Lowry & McIlroy breathe sigh of relief after Wiesberger’s Nedbank collapse

SUN CITY, SOUTH AFRICA - NOVEMBER 17: Tommy Fleetwood of England poses with the trophy after winning the Nedbank Golf Challenge hosted by Gary Player at the Gary Player CC on November 17, 2019 in Sun City, South Africa. (Photo by Warren Little/Getty Images)

Both Shane Lowry and Rory McIlroy will have breathed a sigh of relief after Bernd Wiesberger’s shock collapse at the Nedbank Challenge to ensure the Race to Dubai decider will now come down to Thursday’s starting season-closing event in Dubai.

Wiesberger was just one shot off the South African lead with four holes to play and very much staring at a fourth victory of the season; a victory that would have handed the Austrian the European No.1 crown.

However, Wiesberger three-putted both the 15th and 16th holes, birdied 17 but then found the water guarding the green at the last in taking a double-bogey ‘6’ in an eventual round of 70 to finish sharing third place on eight-under par at Sun City.

In jetting into Dubai around 3am Monday morning (local UAE) time on a special Tour charter flight, the 34-year old is still the leader on the Race to Dubai but there’s been a big shake-up among those trailing the Austrian.

England’s Tommy Fleetwood has overtaken Spaniard Jon Rahm to be the new European Tour No. 2 with Fleetwood breaking out in tears in ending a 22-month victory drought to defeat Sweden’s Marcus Kinhult with a par at the first extra play-off hole after both players had finished level on 12-under par.

Fleetwood cut through the field thanks to three par-five eagle ‘3’s’ in six holes from the ninth to 14th but also dropping shots at holes 11 and 12.

Victory earned the soon-to-be father of two a cool $2.5m, the largest first prize cheque in golf and up $1/2m on last week’s then highest of $2m.

Though the Nedbank top-prize will be overshadowed with a $3m new record top purse in Dubai, Fleetwood’s perspective was intact with the meaningfulness behind the win far outweighing the financial reward.

“The money is not what I am playing for and,I guess, being a golfer these days you have the chance at a young age to set your family up for life,” said Fleetwood.

“It’s been a long time since I last won, so I am just very proud to be standing here and for everyone who goes along the journey with me. It’s just really, really cool and when you win a tournament.”

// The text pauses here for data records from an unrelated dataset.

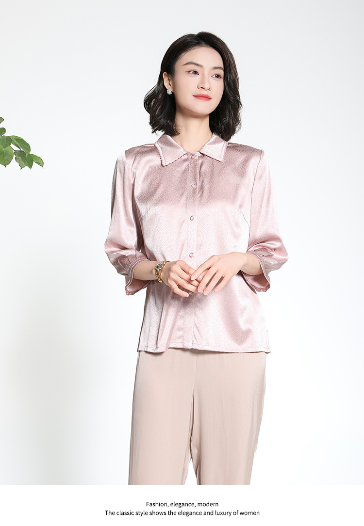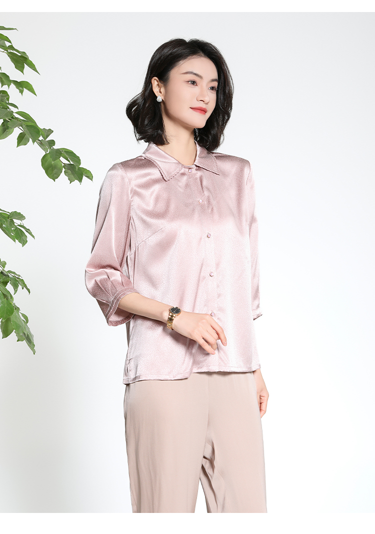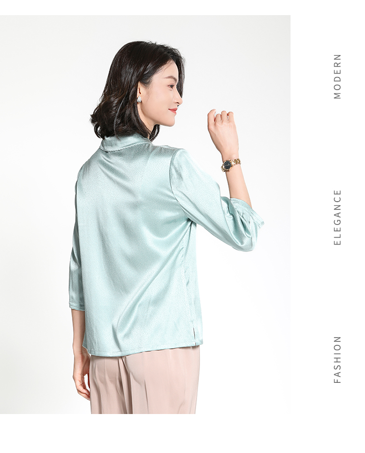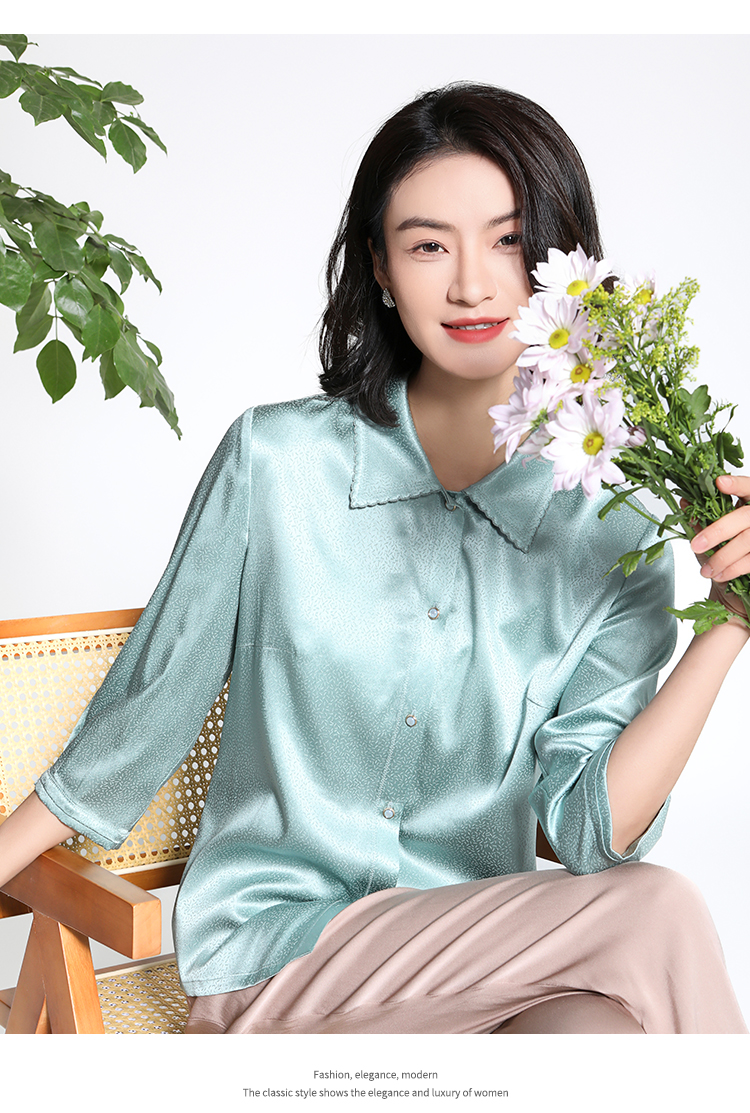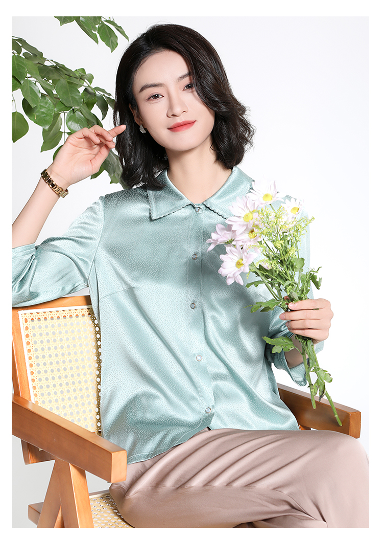 佐尔美夏季新款新中式国风时尚气质桑蚕丝长袖衬衣女M42CS41
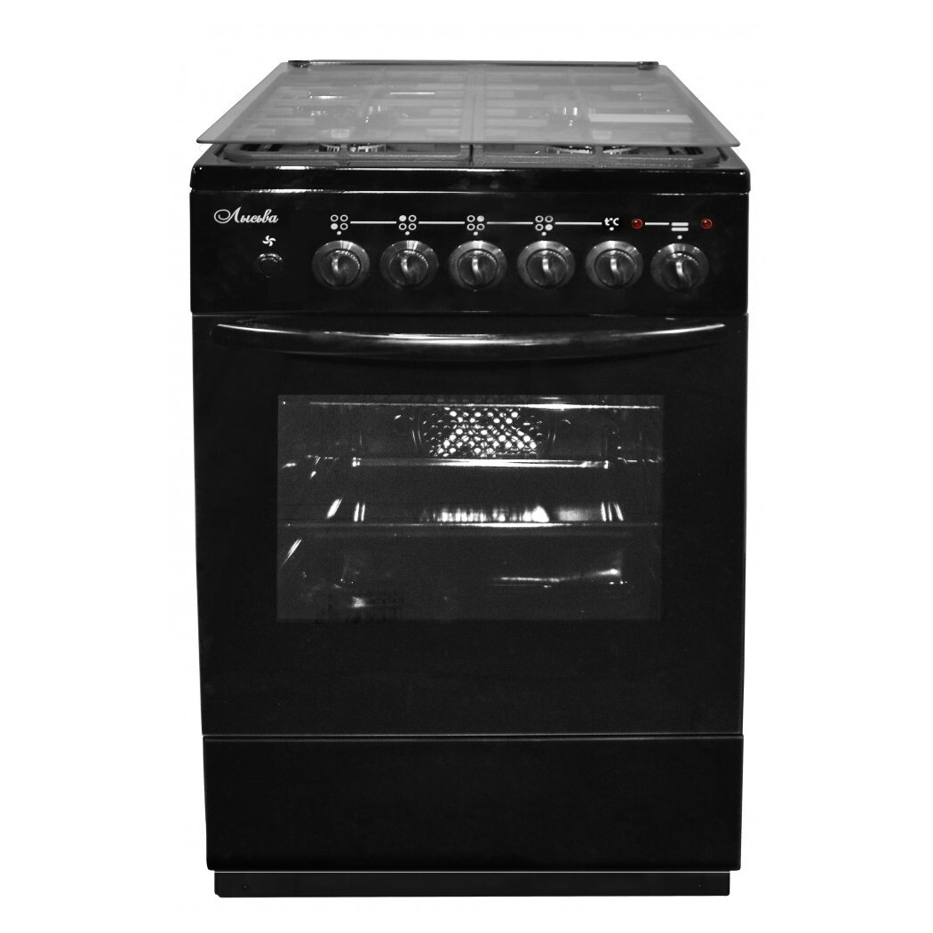 Комбинированная плита с электрической духовкой Лысьва ЭГ 404МС-2у представлена в чёрном корпусе со стеклянной крышкой.
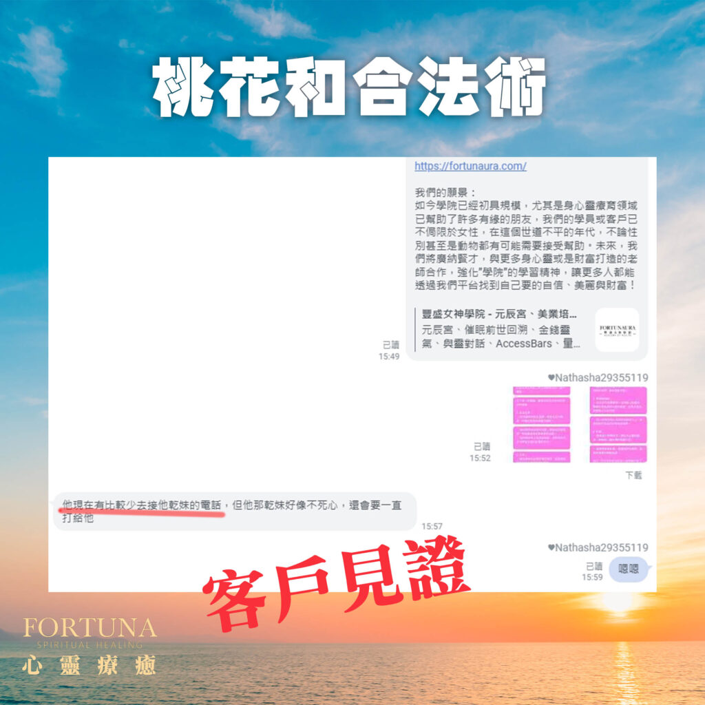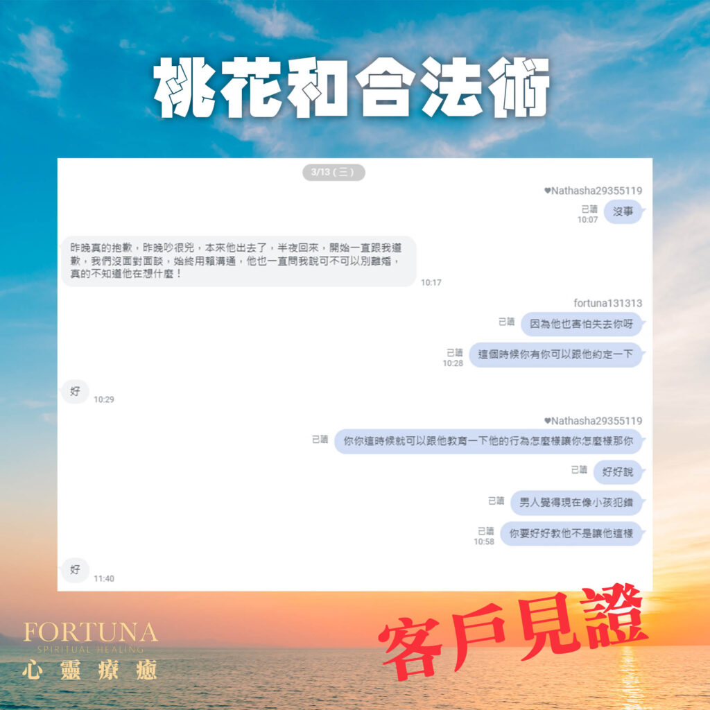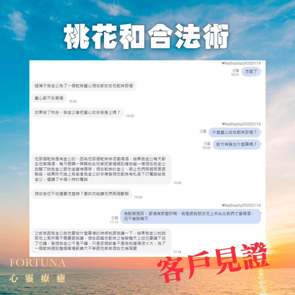有一位已婚女人訴說她老公跟小三好起來,重心不在家裡,前來向Fortuna老師求助,老師除了調整元辰宮臥室之外,還做了桃花和合的法術,以下是案例分享
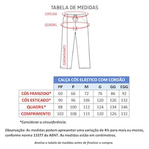 Calça cós alto com elástico em toda cintura, permitindo um maior conforto.
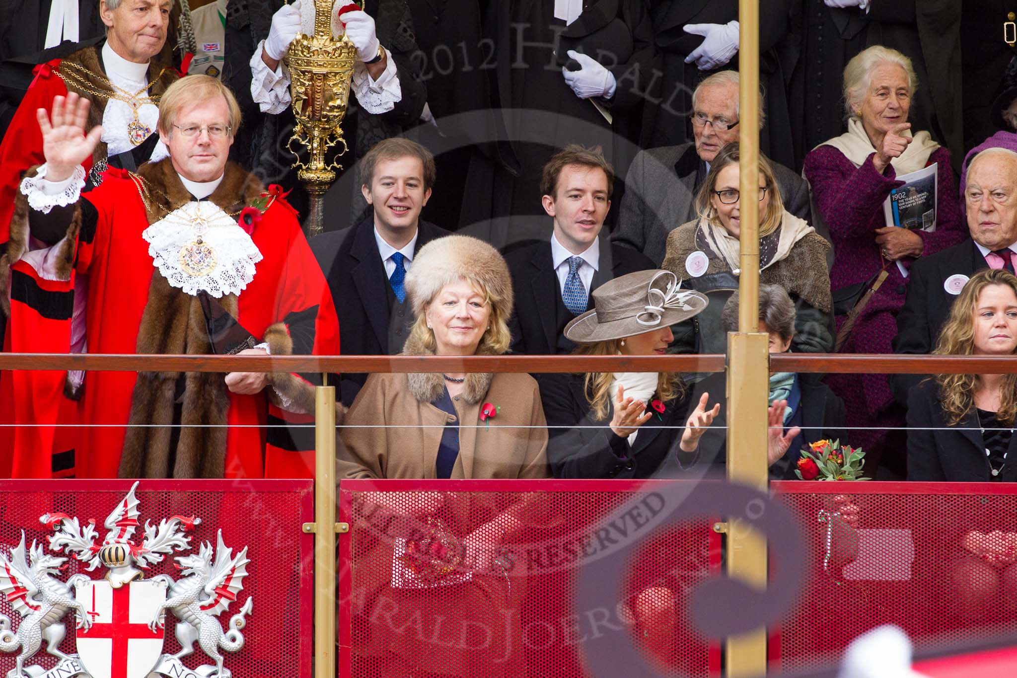 Lord Mayor's Show 2012: The outgoing Lord Mayor, David Wootton, the outgoing Lady Mayoress, Liz Wootton, Sophie Wootton, and James and Christopher Wootton behind.. Press stand opposite Mansion House, City of London, London, Greater London, United Kingdom, on 10 November 2012 at 11:02, image #215
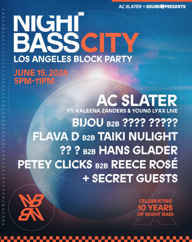 Night Bass City - Los Angeles Block Party will serve up six hours of bass-fueled performances, anchored by a headlining set from label boss AC Slater. The open-air soiree will also feature a diverse roster of talent such as Kaleena Zanders & Young Lyxx (who will join AC Slater on stage), BIJOU playing b2b with a surprise guest, Flava D b2b Taiki Nulight, another surprise guest playing b2b with Hans Glader, Petey Clicks b2b Reece Rosé, and other unannounced selectors. In addition to musical performances, attendees can explore the curated merchandise shop, taste bites from a variety of food vendors, or take a breather inside of Sound Nightclub, which will be open for patrons to cool down, with access to the bar and bathrooms.
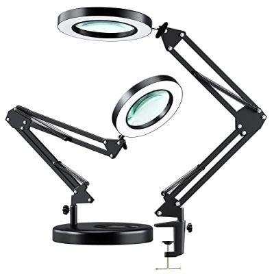 The LANCOSC Magnifying Glass with Light and Stand is a versatile and reliable tool for close work, reading, repairing, sewing, and other crafts and hobbies. It features a 5X 5-inch super large real glass lens that provides clear and undistorted magnification. The LED desk lamp offers 3 light color modes and stepless dimming, allowing you to customize the lighting to your preference. With a sturdy metal clamp, adjustable swing arm, and extendable length, it can be easily positioned and attached to any flat surface. The magnifier with light and stand also ensures eye protection with its ring design and uniformly illuminated viewing area. Overall, it is a high-quality and trustworthy visual aid for various tasks and activities.

With Fleetwood now lying 2nd, Rahm is back to No. 3 with Lowry bumped to No.4, and for the Open Champion to be now staring at a Race to Dubai points difference of 1,185 ranking points between the Irishman and Wiesberger. A week ago, the deficit between the two was just 572 points.

England’s Matthew Fitzpatrick, who shared 10th at the Nedbank, drops to No. 5 and in the process, bumping McIlroy back to No. 6 with McIlroy certainly in form to win a third DP Tour Championship trophy but with the task harder now to end the year on both the European and PGA Tour’s as No. 1.

However in saying that, with an increased points pool on offer in Dubai, it really is still anyone’s ‘Race’ to win.

Padraig Harrington ended his European Tour season with rounds of 71, 72, 73 and a closing 71 for 20th place at one-under par and a tidy sum of €57,158.41 to go with it.

Europe’s Ryder Cup captain will wind-up his season teaming with his son, Paddy at the December 5th to 8th PNC Father and Son event in Orlando, Florida.

It will a second appearance in three years at the event for the Harrington’s.